* Task requirements *
Nothing but the records themselves, exactly as written and free of pictures, should appear in your response.

* * * *

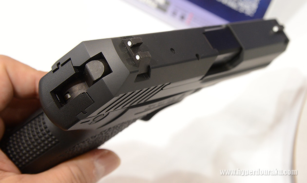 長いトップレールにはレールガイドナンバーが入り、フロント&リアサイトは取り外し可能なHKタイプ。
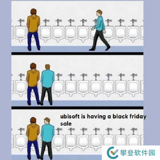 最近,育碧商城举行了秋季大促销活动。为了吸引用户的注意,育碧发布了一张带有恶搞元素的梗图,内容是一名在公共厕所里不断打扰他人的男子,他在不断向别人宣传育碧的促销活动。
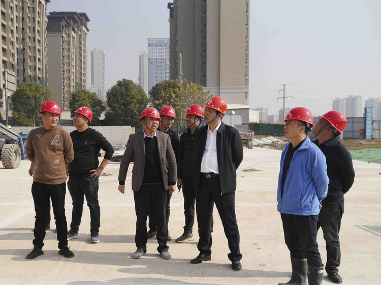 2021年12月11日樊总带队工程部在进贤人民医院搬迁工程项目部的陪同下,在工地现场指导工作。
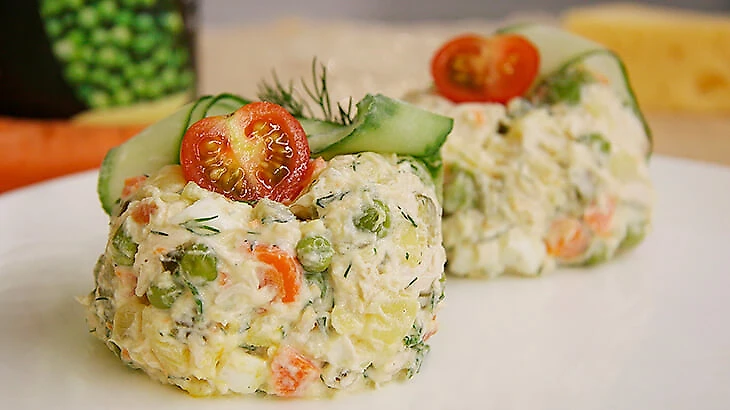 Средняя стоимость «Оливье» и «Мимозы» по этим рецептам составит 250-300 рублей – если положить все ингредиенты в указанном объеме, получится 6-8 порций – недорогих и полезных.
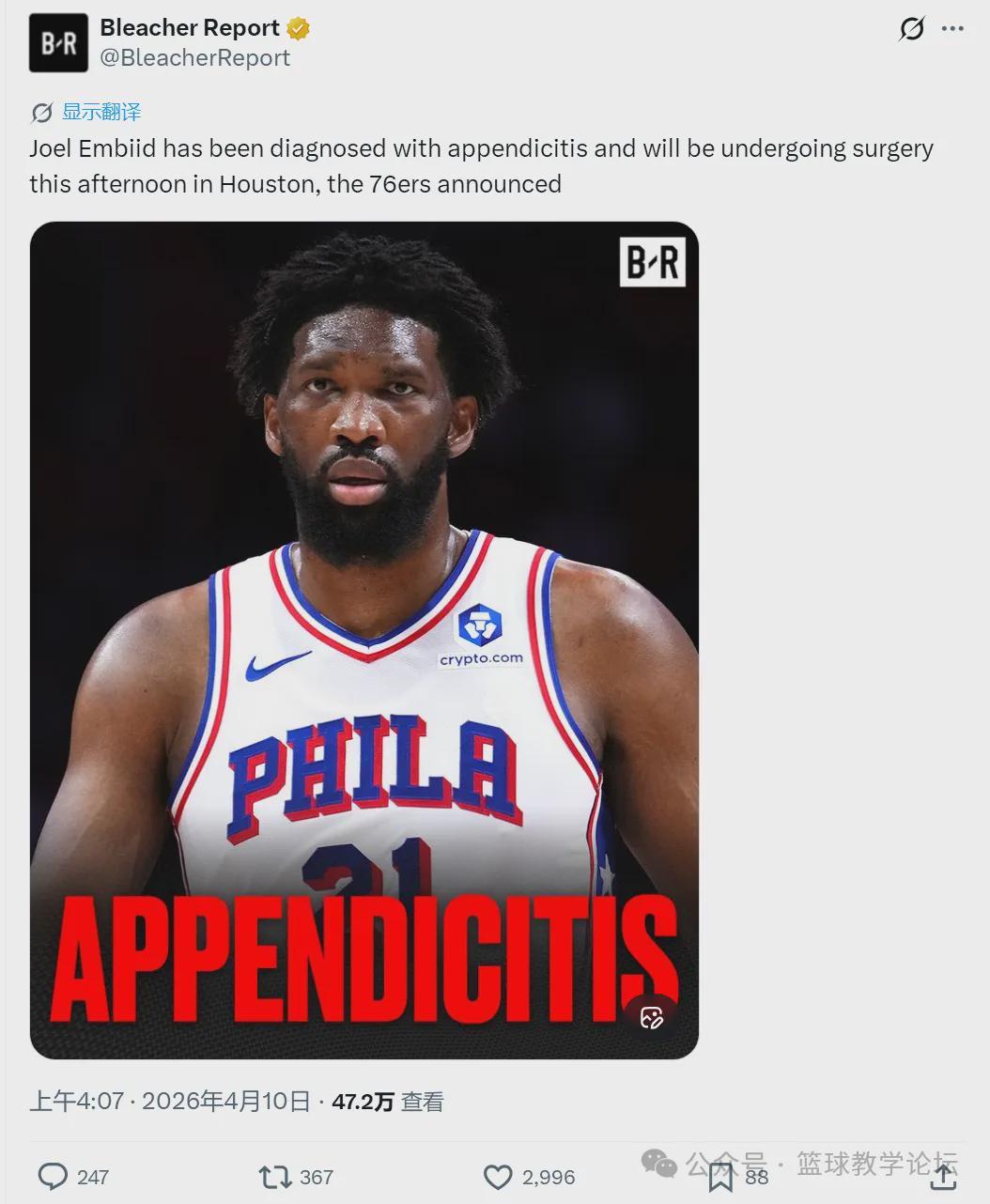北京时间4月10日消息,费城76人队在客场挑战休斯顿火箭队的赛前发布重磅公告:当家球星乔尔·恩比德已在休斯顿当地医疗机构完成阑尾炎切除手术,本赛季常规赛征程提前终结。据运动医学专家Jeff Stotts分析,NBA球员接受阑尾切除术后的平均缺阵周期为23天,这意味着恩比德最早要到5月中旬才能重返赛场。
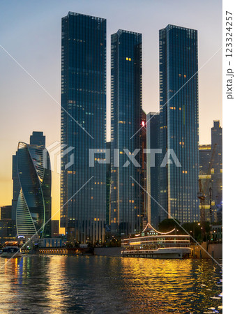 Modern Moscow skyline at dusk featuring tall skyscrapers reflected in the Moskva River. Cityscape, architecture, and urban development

* * * *

* Written response *
 長いトップレールにはレールガイドナンバーが入り、フロント&リアサイトは取り外し可能なHKタイプ。
 最近,育碧商城举行了秋季大促销活动。为了吸引用户的注意,育碧发布了一张带有恶搞元素的梗图,内容是一名在公共厕所里不断打扰他人的男子,他在不断向别人宣传育碧的促销活动。
 2021年12月11日樊总带队工程部在进贤人民医院搬迁工程项目部的陪同下,在工地现场指导工作。
 Средняя стоимость «Оливье» и «Мимозы» по этим рецептам составит 250-300 рублей – если положить все ингредиенты в указанном объеме, получится 6-8 порций – недорогих и полезных.
北京时间4月10日消息,费城76人队在客场挑战休斯顿火箭队的赛前发布重磅公告:当家球星乔尔·恩比德已在休斯顿当地医疗机构完成阑尾炎切除手术,本赛季常规赛征程提前终结。据运动医学专家Jeff Stotts分析,NBA球员接受阑尾切除术后的平均缺阵周期为23天,这意味着恩比德最早要到5月中旬才能重返赛场。
 Modern Moscow skyline at dusk featuring tall skyscrapers reflected in the Moskva River. Cityscape, architecture, and urban development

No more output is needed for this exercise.